Personal anecdote: My aunt met Hillary about six years ago and had a very nice discussion with her about how it feels to have your only daughter go to college very far away. No real point there except that I don't see how that person can be seen as cold and inaccessible.

Take note of this last paragraph.

Although sales of Mrs. Clinton's memoir have exceeded expectations, they have not approached the initial sales of the last Harry Potter novel by J. K. Rowling, "Harry Potter and the Goblet of Fire." That book, published in 2000, sold three million copies in the United States and Canada in its first two days on sale, according to its publisher, Scholastic.

Now how fair is it to compare a political memoir to the children’s book juggernaut that is Harry Potter? Still, that's pretty good company.

Tuesday, June 10, 2003

Kudos to The Daily Show, and shame on the rest of mainstream media for allowing a fake comedy news show to out-report you.

Monday, June 09, 2003

So now it's time to put our money where our mouths are. Kos has gone the distance and created a conduit from grassroots organizations to the DNC. However you feel about the DNC, the obstacle they face in trying to match GOP fundraising is daunting. Moreover, if they see us as people who are serious about making changes and if they see our money, we might have more of a say. So donate please!

Sunday, June 08, 2003

I managed to catch the first part of Sid Blumenthal's talk yesterday before leaving for another appointment. Not much to report. If you read the Salon series, you get the gist of the tone. It amazes me that this was the man demonized by the press. I wish I had been paying more attention at the time of the impeachment so I could really get a sense of what the myth was and what the reality is. As it was, I was ducking my head hoping it would all go away and covering my ears every time someone mentioned the Starr Report.

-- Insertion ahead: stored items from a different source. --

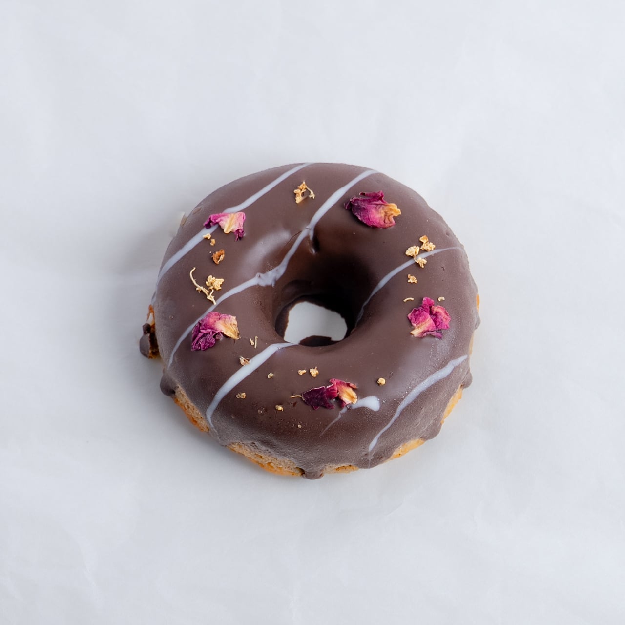 米粉、アーモンドプードル、チョコチップ、ココアパウダー、転化糖、竹炭パウダー、エディブルフラワー
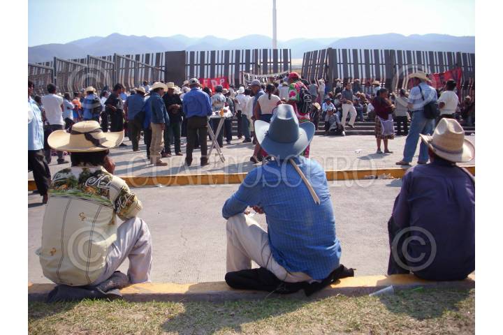 CHILPANCINGO, GUERRERO, 28ENERO2009.- Campesinos e indígenas pertenecientes al Frente de Defensa Popular (FDP) encabezados por su dirigente Efrain Torres Fierro tomaron la caseta de cobro "Palo Blanco" en la Autopista del Sol en todo momento los campesinos e indígenas fueron vigilados de muy cerca por elementos antimotines de la Policía Federal Preventiva y de la Policía del Estado. FOTO: OSCAR ALVARADO/CUARTOSCURO.COM
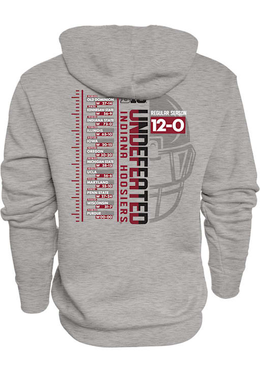 Embrace your Hoosiers pride and showcase your team spirit with confidence in this Indiana Hoosiers Long Sleeve Hoodie! Stay warm and stylish with the Indiana Mens Grey Football 2025 Undefeated Regular Season Hooded Sweatshirt. Designed with screen print team graphic, this Hoosiers Long Sleeve Hoodie is a must-have for dedicated fans.
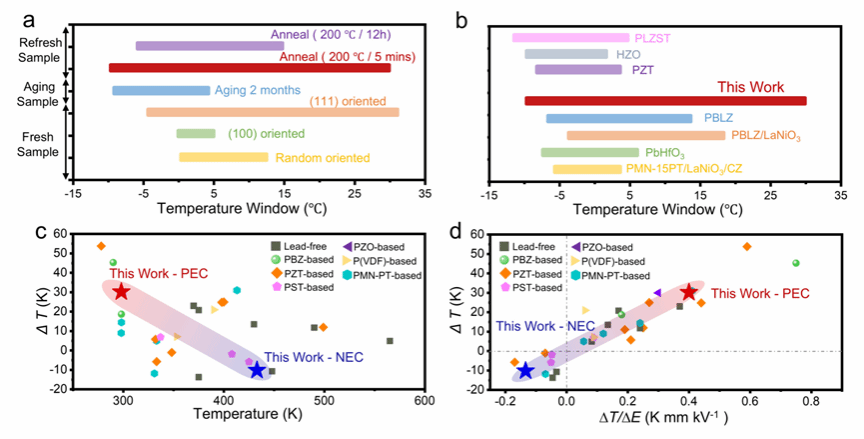 彭彪林教授团队在弛豫铁电薄膜中提出了“对称性匹配缺陷偶极态调控”新思路。通过调控缺陷偶极在不同热激活条件下的对称性匹配行为,使薄膜在不同温区呈现截然相反的电卡响应,从而在同一材料体系内实现了PEC与NEC的协同与可编程调控。该研究在(111)取向的PNNZT弛豫铁电薄膜中取得了显著的电卡温变结果 ,并展示了温区可调的双向电卡能力,为发展硅基兼容的高效固态制冷技术提供了新途径。该研究将“缺陷偶极的对称性匹配状态”作为一个可设计与调控的关键自由度,在弛豫铁电薄膜中实现了巨幅双向电卡效应与温区可编程性能,为面向芯片级热管理的高效固态制冷材料与器件设计提供了新的通用策略。
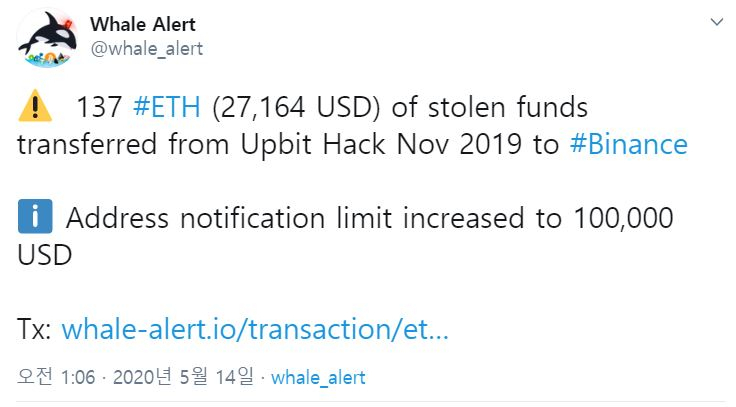 웨일얼럿에 따르면 업비트에서 도난된 137개의 이더리움이 바이낸스로 이동되었고, 이 소식을 접한 창펑 자오 바이낸스 CEO는 해당 암호화폐를 모두 동결했으며, 업비트와 협력해 법적절차를 검토한 후 자금을 인도할 것이라고 밝혔다.
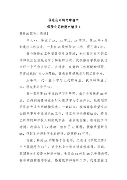/ 【七哥公文】2025年:保险公司转岗申请书+更多免费公文+VX:QiGeGongWen2024
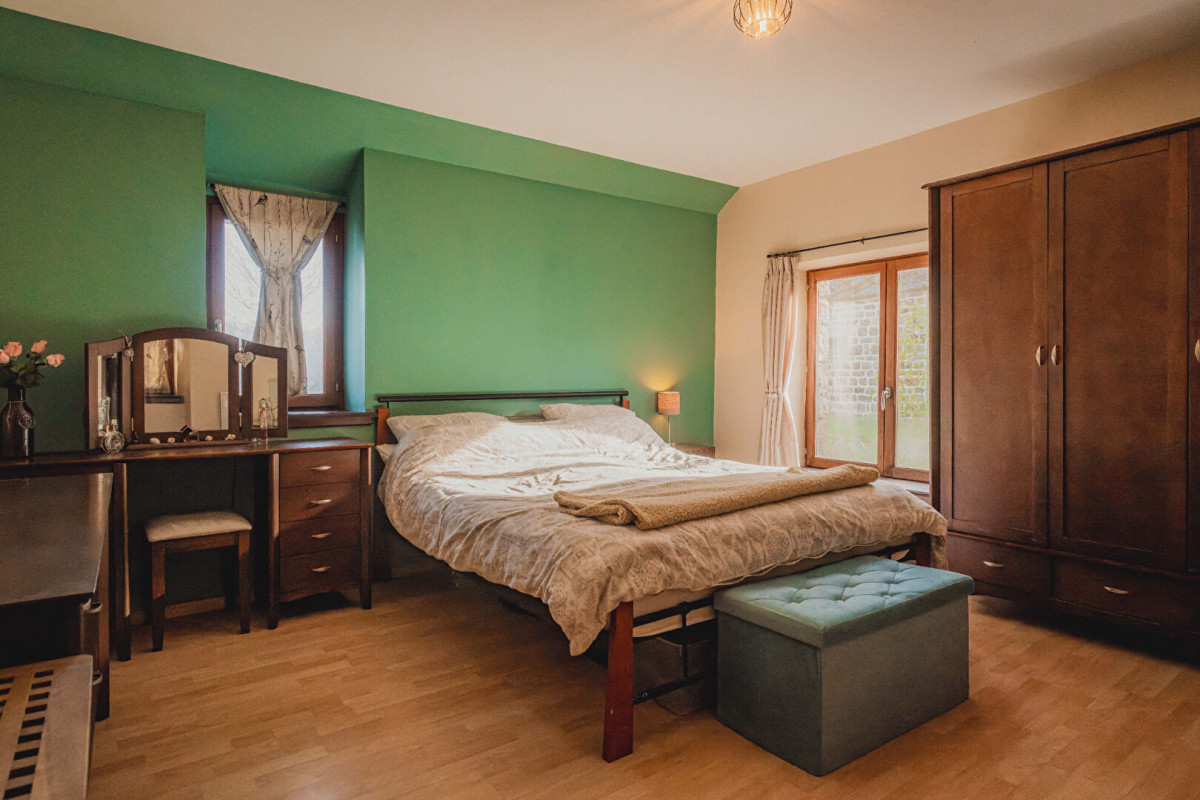 Tucked away at the end of a quiet lane in a serene hamlet, this beautifully renovated 2-bedroom, 1-bathroom cottage in the commune of Champsecret, close to Domfront and Bagnoles de L'Orne, offers the perfect combination of countryside tranquility and modern comfort. Surrounded by farmland and with a detached barn, this property is ideal for those looking for a peaceful retreat or a family home. The cottage is in excellent condition, ready to move into, and is complemented by a well-maintained garden that is fully enclosed, making it pet-friendly.

What I did get a sense of was the sheer disbelief felt by the Clinton administration that this was happening and the total sense of unpreparedness. Also a very dark feeling of vindication. Too little too late. Guess I have to read the book now, which will cut into my fiction reading time. Sigh.

Sean Wilentz has a good piece over at Salon about why the impeachment still matters and why historians get no respect.
I'm feeling popular this week!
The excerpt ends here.